The Japanese investigators did not make baseless conjectures, but rather drew their conclusions by comparing the performance of the Wuhan army in the protracted fighting in the Liaoxi Corridor with the Japanese army's operations in the Liaoshen region. In the protracted fighting in the Liaoxi Corridor, the Wuhan army was almost always at a disadvantage, relying entirely on trench warfare to wear down the morale of the Russian army, and then winning through counterattacks.

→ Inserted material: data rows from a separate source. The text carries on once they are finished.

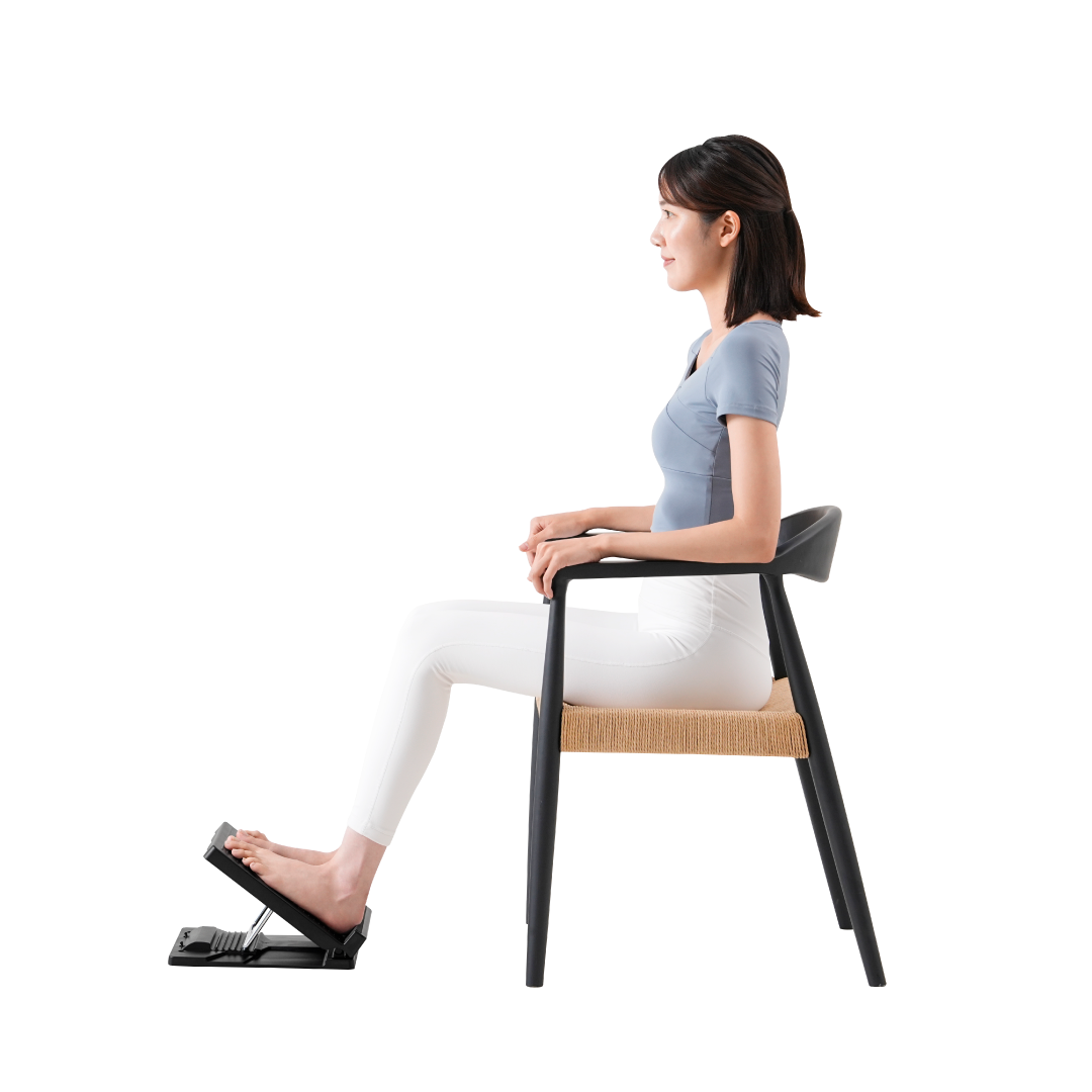●下半身後面の筋肉をしっかりストレッチ ボードの上に乗ってストレッチを行うことで、硬くなったふくらはぎや太ももをほぐします。
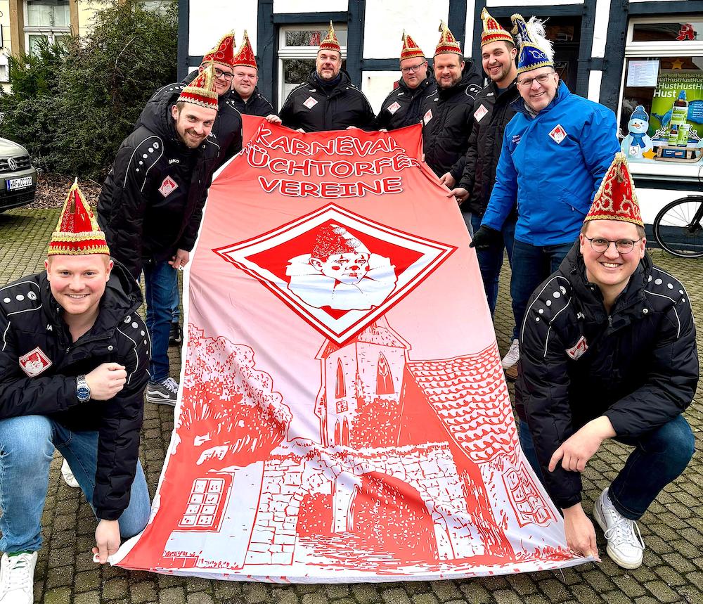 Die Flagge des Karneval Füchtorfer Vereine haben die Mitglieder des Elferrats und Prinz Robert I. auf dem Tie gehisst. Bis Aschermittwoch wird sie von der fünften Jahreszeit in Füchtorf verkünden.
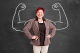 Lachende ältere Frau mit Muskel Armen als Konzept für Selbstsicherheit
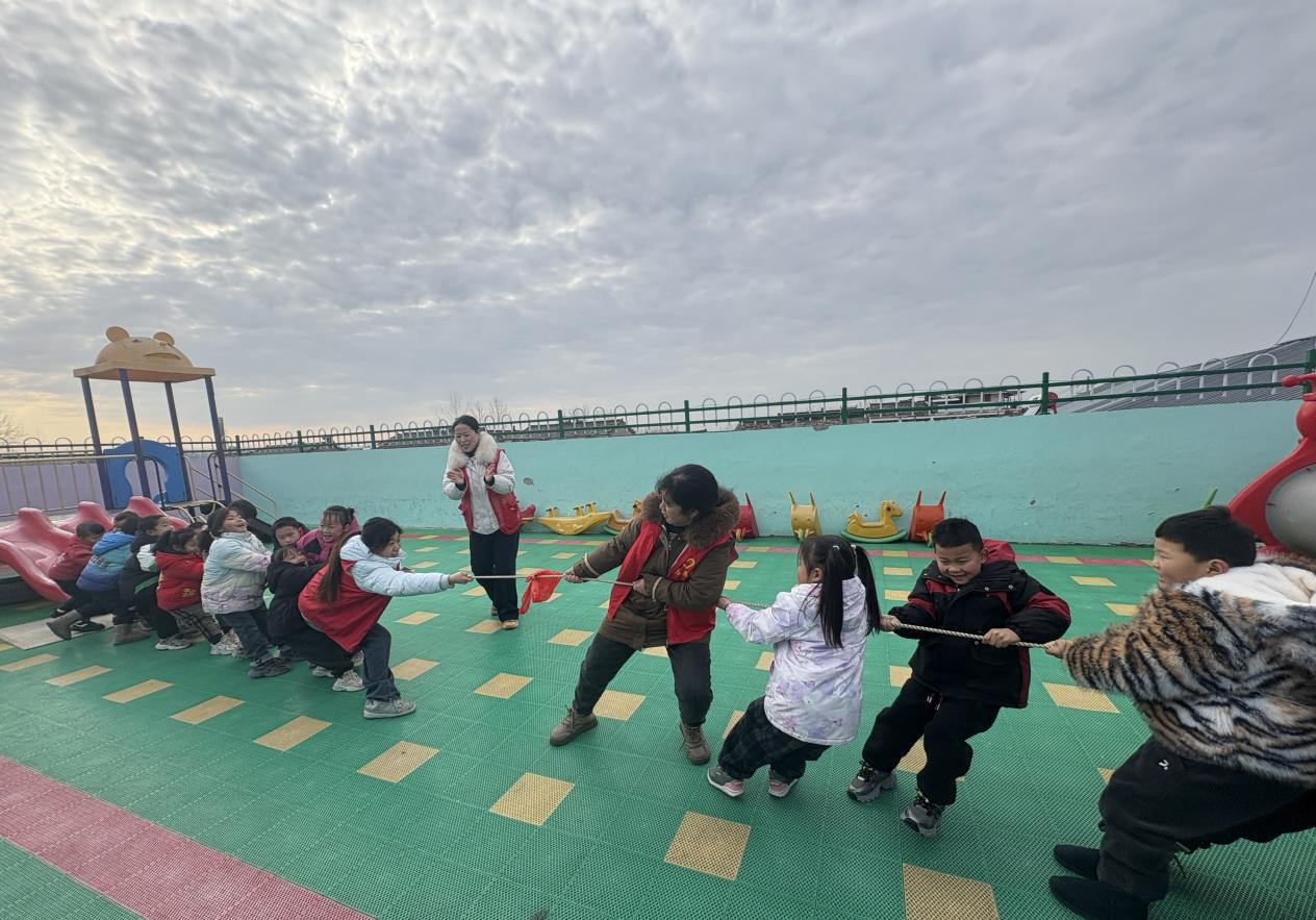 本次活动以趣味运动会的形式,让孩子们在奔跑、跳跃和团队协作中感受冬季运动的快乐。活动现场,孩子们在志愿者的引导下有序参与拔河、接力赛等项目,欢呼声与加油声此起彼伏,冬日的寒意被孩子们高涨的热情驱散。活动项目兼具运动性与趣味性,既锻炼了孩子们的体能,也增强了团队意识。同时,教师和志愿者还结合活动节点,向孩子们普及冬季健康知识,引导孩子们科学运动、勤于锻炼,真正将“健康过冬”的理念融入实践,在寓教于乐中播下终身运动的种子。
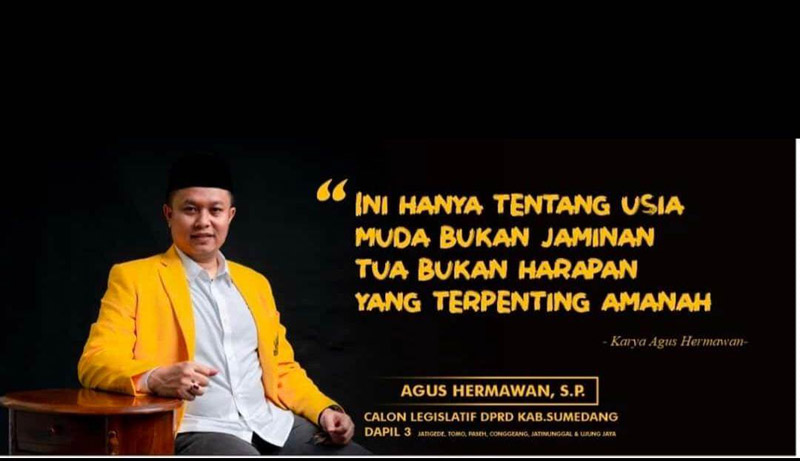 “Jadi, ini hanya tentang usia. Muda bukan jaminan, tua bukan harapan yang terpenting amanah. Pun demikian dengan saya, ogah mengumbar janji terpenting saya harus bisa memberikan yang terbaik bagi masyarakat, jika nanti terpilih,” papar Agus Hermawan yang berangkat nyaleg dari Partai Golkar itu.
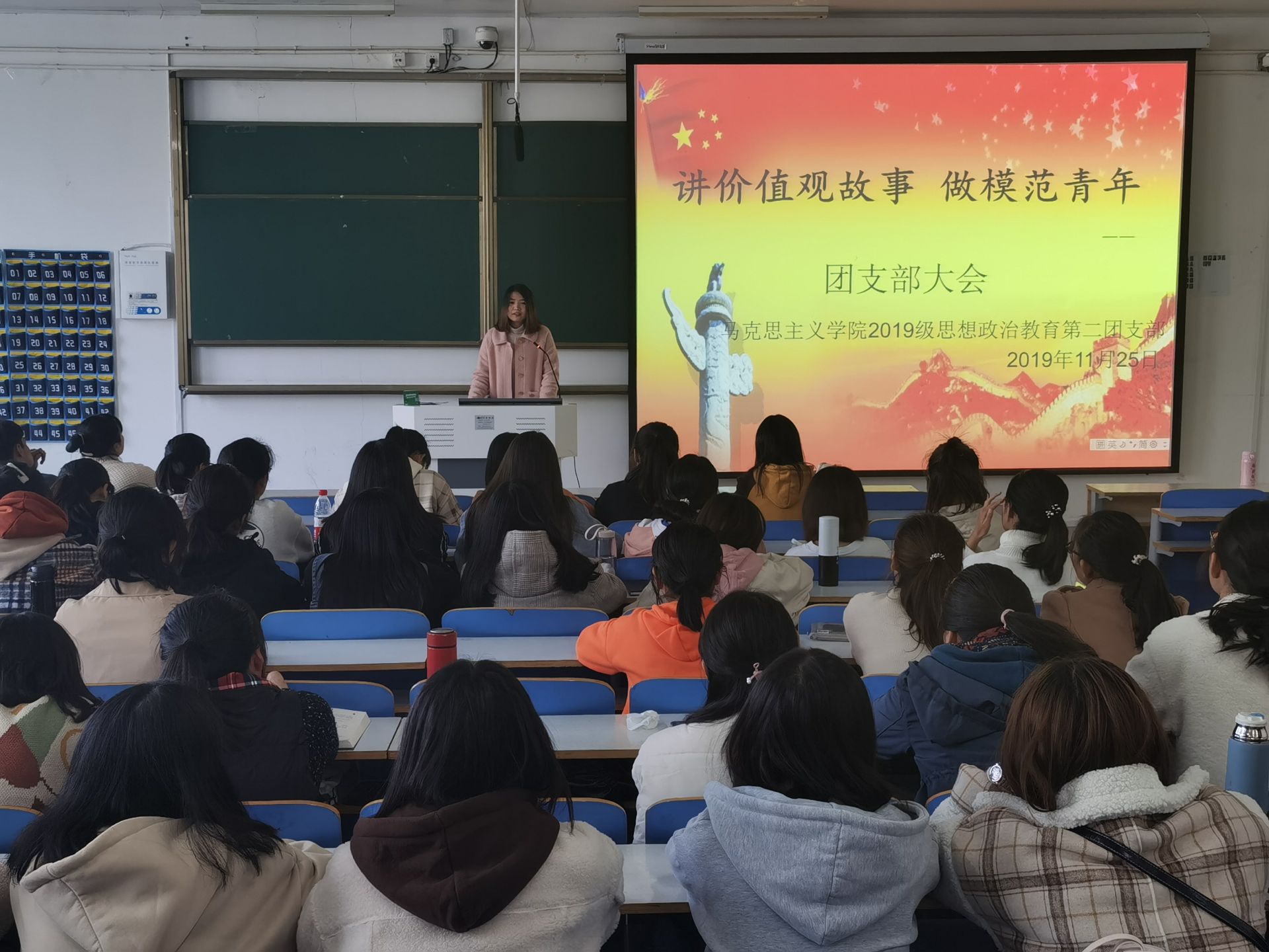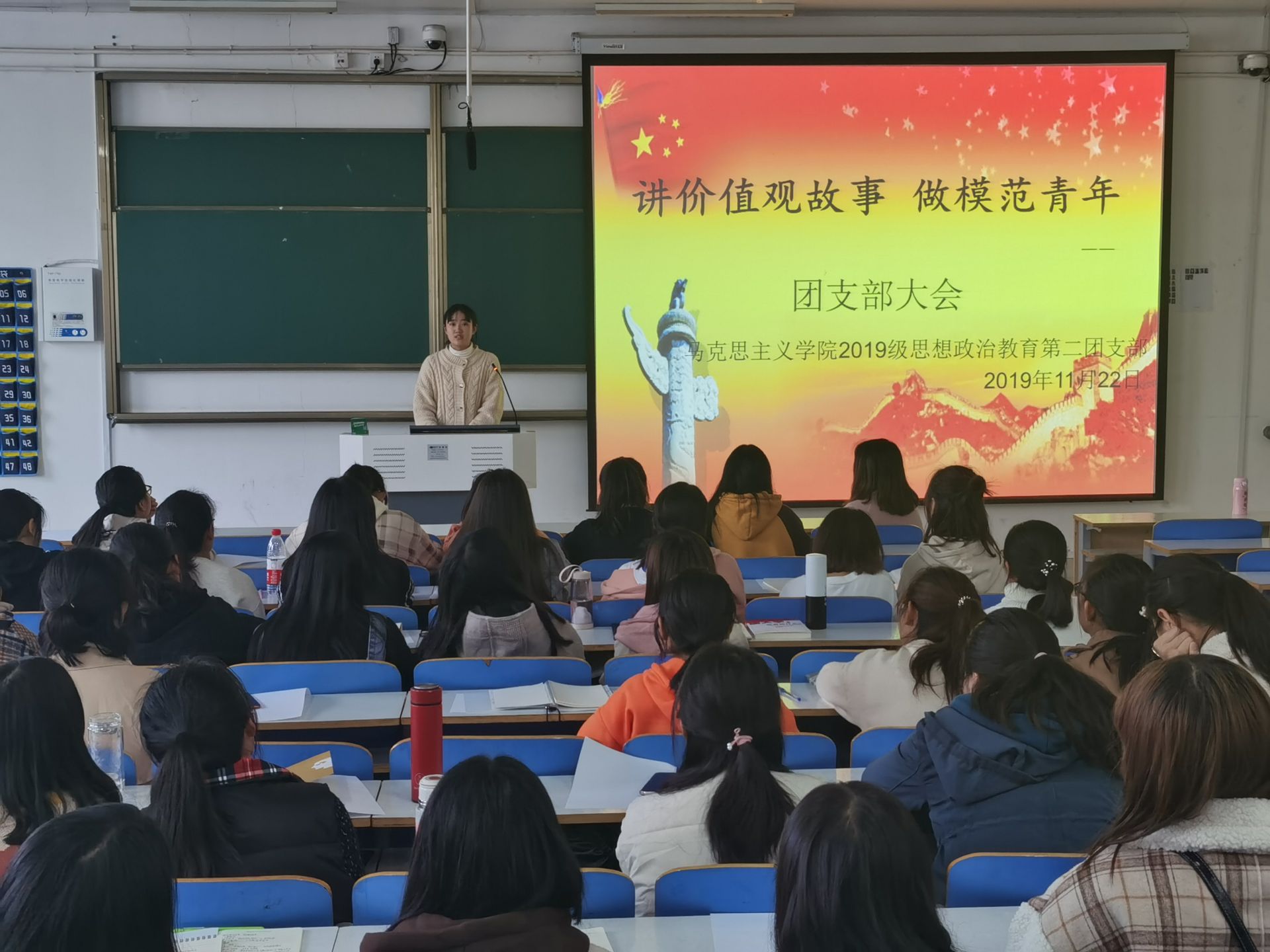 11月22日下午,2026年世界杯官网2019级思想政治教育第二团支部在社科楼516教室顺利召开“讲价值观故事,做模范青年”团支部大会。团委老师陶青青及2026年世界杯官网2019级思想政治教育第二团支部全体团员共同参会。会议由团支书孙雅娴主持。
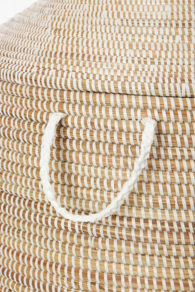 Using upcycled plastic strips and abundant natural grasses, Wolof women in Senegal weave these modern baskets which offer beauty and functionality. The hampers are new in 2017 and feature a tight coil stitch and excellent quality.
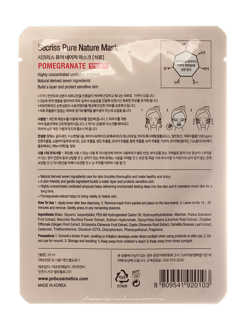 АН Secriss Маска тканевая Secriss Pure Nature Mask Pack- Pomeganate 25мл (С/Г до 01.06.2025 скидка 60%)
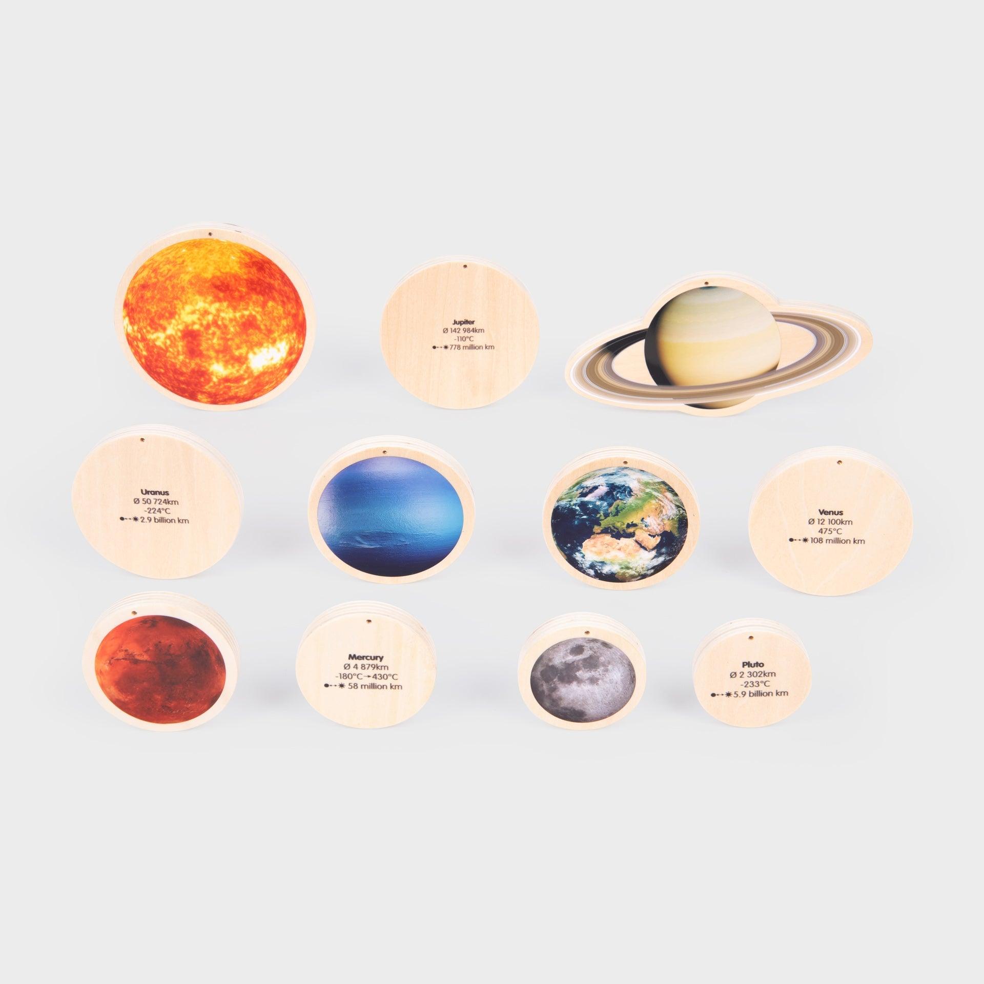 Comes with a beautiful colour printed solar system poster and a colour guide with interesting facts. Wooden discs include: The Sun, Jupiter, Saturn, Uranus, Neptune, Earth, Venus, Mars, Mercury, Earth's Moon & Pluto.

However, the morale of the defending troops was also weakened in trench warfare, as enduring Russian artillery fire was no easy task. The Beiyang Army, employing the same tactics, never managed to withstand the combined artillery and assault tactics of the Russians. After several rounds of shelling, the Beiyang Army lost its ability to organize its frontline positions, immediately turning and retreating at the sight of a Russian charge, leaving the trenches exposed. Even after suffering losses in the shelling, the Wuhan Army was still able to organize counter-attacks and thwart Russian assaults.
The same situation occurred on the battlefields of southern and western Liaoning. Neither the Japanese nor the Russian armies displayed the tenacious spirit of the Wuhan army. Once their offensive tactics failed or their defenses faltered, both the Japanese and Russian armies would collapse. In fact, even worse situations arose in the army during the war. Some officers were stabbed to death by fleeing soldiers while trying to stop them from deserting. Such incidents were concealed because they greatly damaged the image of the Imperial Army.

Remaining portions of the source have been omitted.